The all-stock deal would be priced at about $57.75 per Bemis share, a premium of about 25 percent on Bemis’ Aug. 2 closing price of $46.31 per share. As of June 30, Bemis had 91 million weighted average common shares outstanding, according to an SEC filing, which would equate to about $5.3 billion. Amcor would also take on Bemis’ debt, for a total $6.8 billion price. The cash-free transaction is expected to close in the first quarter of 2019, and would be tax-free to shareholders.
The consumer packaging companies would have about $13 billion in combined revenues, and approximately $2.2 billion in EBITDA. Together, the companies employ 51,000 people worldwide.
Amcor, which has its corporate headquarters in Zurich, Switzerland and its head office in Melbourne, Australia, would start a primary listing on the New York Stock Exchange at a $17 billion market capitalization, while continuing to be listed on the Australian Securities Exchange.
Ron Delia, chief executive officer of Amcor, emphasized in a statement that the deal is expected to benefit shareholders of both companies and the strategic combination will create a leading global packaging company.
“Amcor’s financial profile will be enhanced, and our existing capital allocation framework, or shareholder value creation model, will be maintained and strengthened with this transaction,” Delia said. “The combined company expects to have an investment grade balance sheet that provides immediate capacity for further disciplined investment as well as a compelling, progressive dividend. Amcor will draw on our extensive merger integration experience to deliver the substantial benefits of this combination.”
Delia indicated Amcor expects Bemis employees to be “well represented” at Amcor, and the company plans to “maintain a critical presence in Wisconsin and other key Bemis locations.” An 11-member board of directors would include eight existing Amcor board members and three existing Bemis directors. Delia will continue to serve as CEO.

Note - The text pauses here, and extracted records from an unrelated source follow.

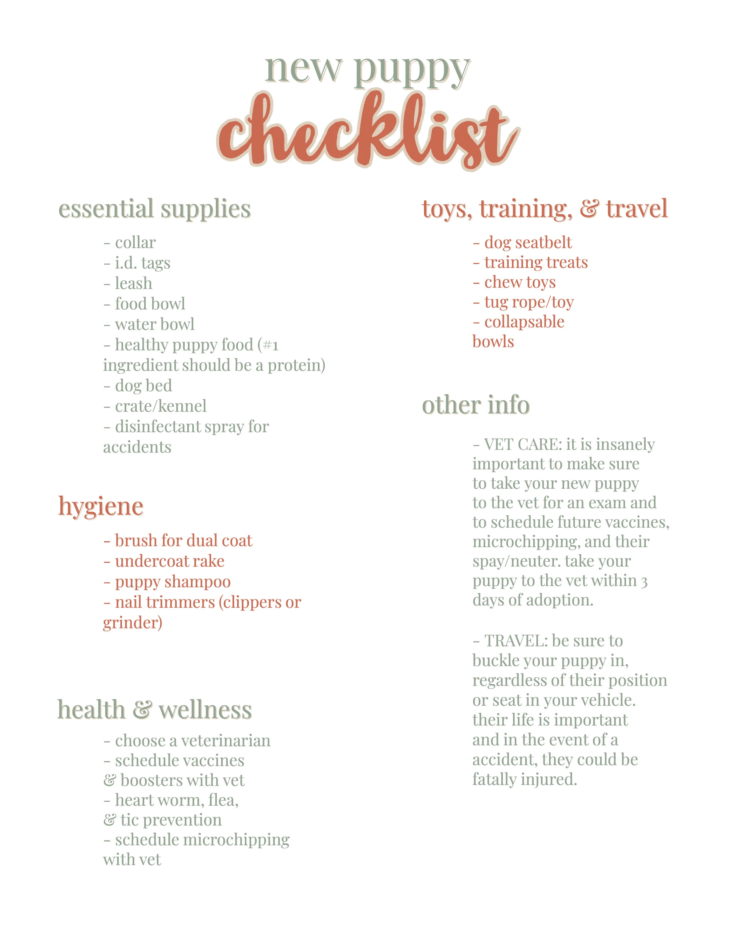Below, you will see a New Puppy Checklist that I made special for those families who will be taking home a Busbee Aussie, but this list works for other puppies, too! I hope this answers some of your questions about how to prepare for your new puppy!
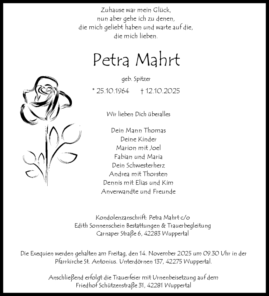 Hier finden Sie alle Traueranzeigen aus der Zeitung, die bisher für Petra Mahrt erschienen sind. Weitere Traueranzeigen, die in der Zeitung erscheinen, werden hier ebenfalls aufgelistet
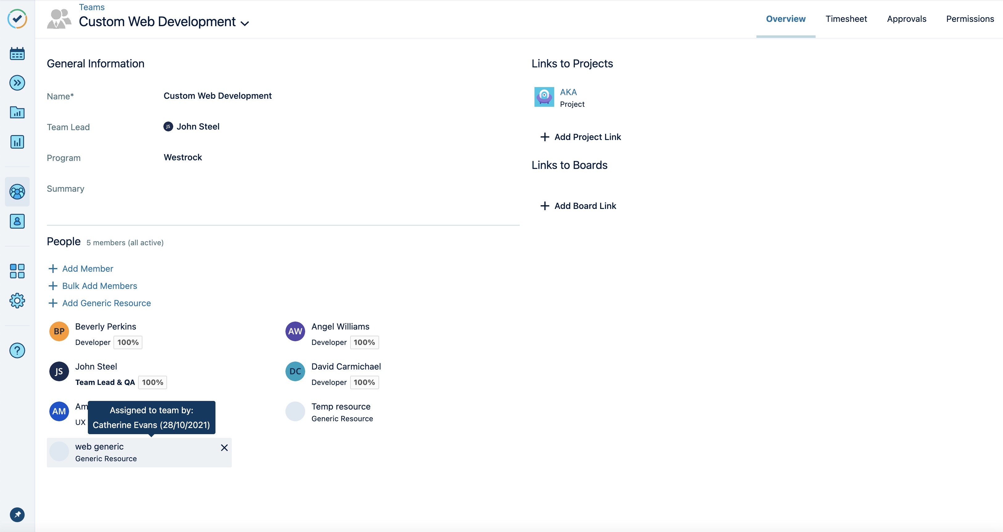 Team permissions are now applied just like team members.In the Member's list, mouse over the generic resource name. A tooltip provides information about the assignee and the date it was assigned.
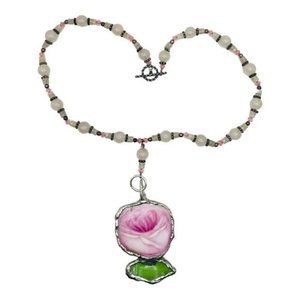 Broken China and Sea Glass Artisan Pendant and Rose Quartz Vintage Necklace
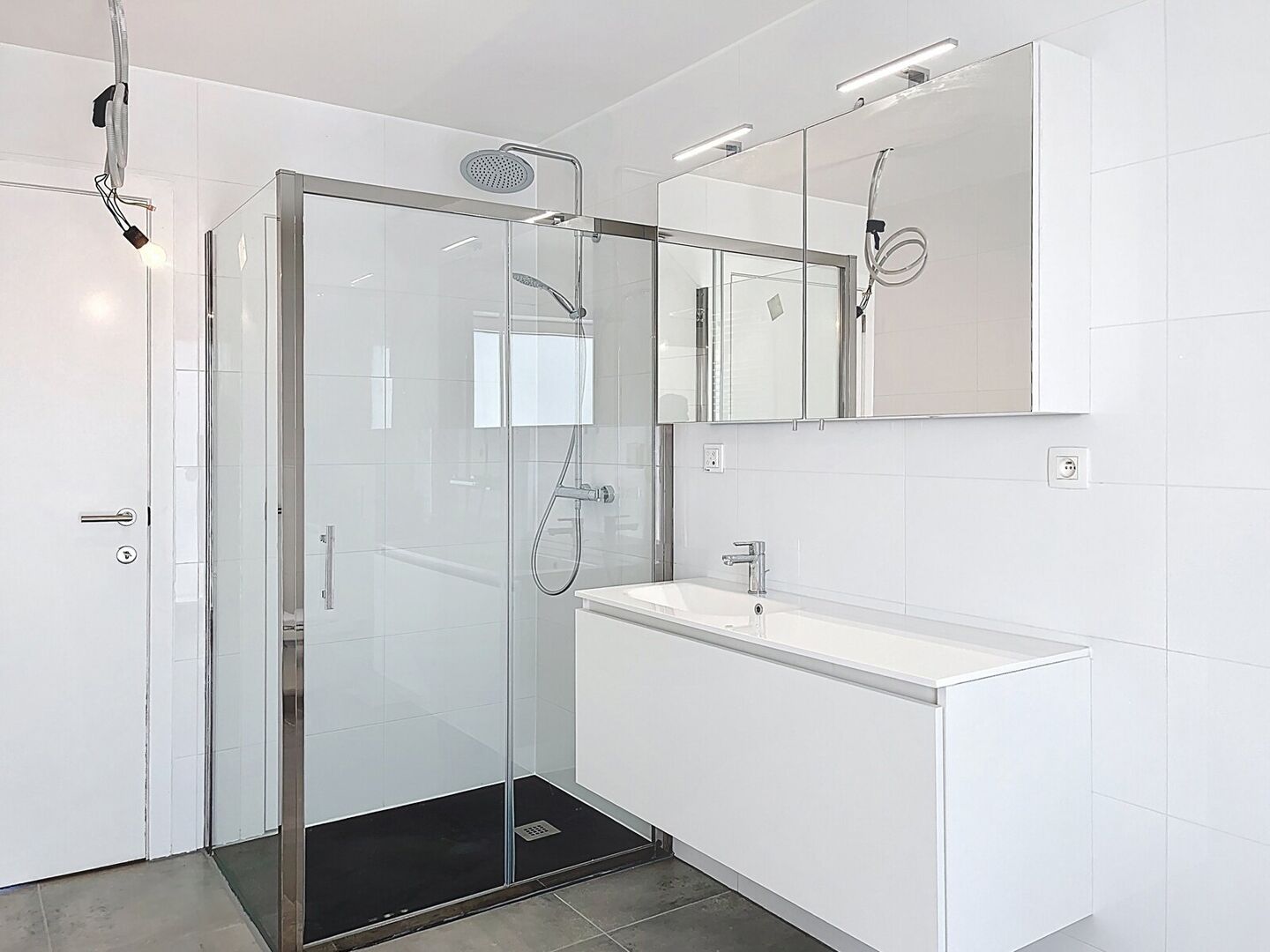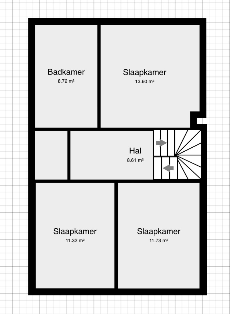 1e verdieping: nachthal (± 8,6 m²), slaapkamer 1 (± 11,7 m²), slaapkamer 2 (± 11,3 m²), wasplaats (± 2,2 m²), badkamer (± 8,7 m²) met wastafel en ondermeubel, spiegelkast, inloopdouche en toilet en slaapkamer 3 (± 13,6 m²).
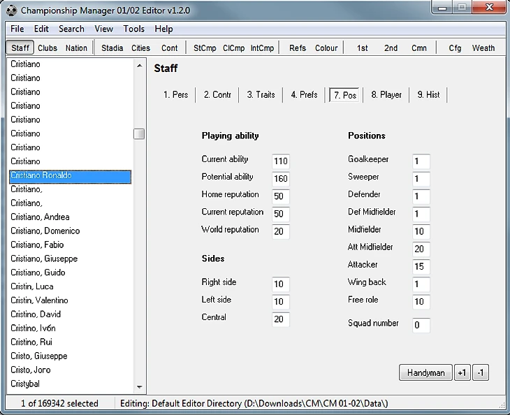 Порывшись в редакторе, можно найти и потенциальное умение Криштиану. 160 из 200, отличный прогноз. Игрока в 17 лет скауты слегка недооценили, но кто мог знать, что в будущем из него вырастет такой монстр?

“The combination of Bemis and Amcor is transformational, bringing together two highly complementary organizations to create a global leader in consumer packaging. We believe this combination, which is an exciting growth story for both companies, will benefit all stakeholders,” said William Austen, president and CEO of Bemis, in a statement.
Austen said employees and customers would benefit from being part of the larger organization, with an expanded product portfolio, a broader geographic reach and upgraded operating capabilities. He pointed to Bemis’ strengths in U.S. manufacturing, material science and innovation.
“Our shareholders will receive a significant premium in this transaction, reflecting the value we’ve built as an organization, as well as the opportunity to continue to participate in the upside potential of a more diversified combined company with greater scale and resources. We look forward to working together with Amcor to ensure a seamless integration,” Austen said.
Bemis ranked 597 on the 2018 Fortune 1000 list with $4 billion in annual revenue.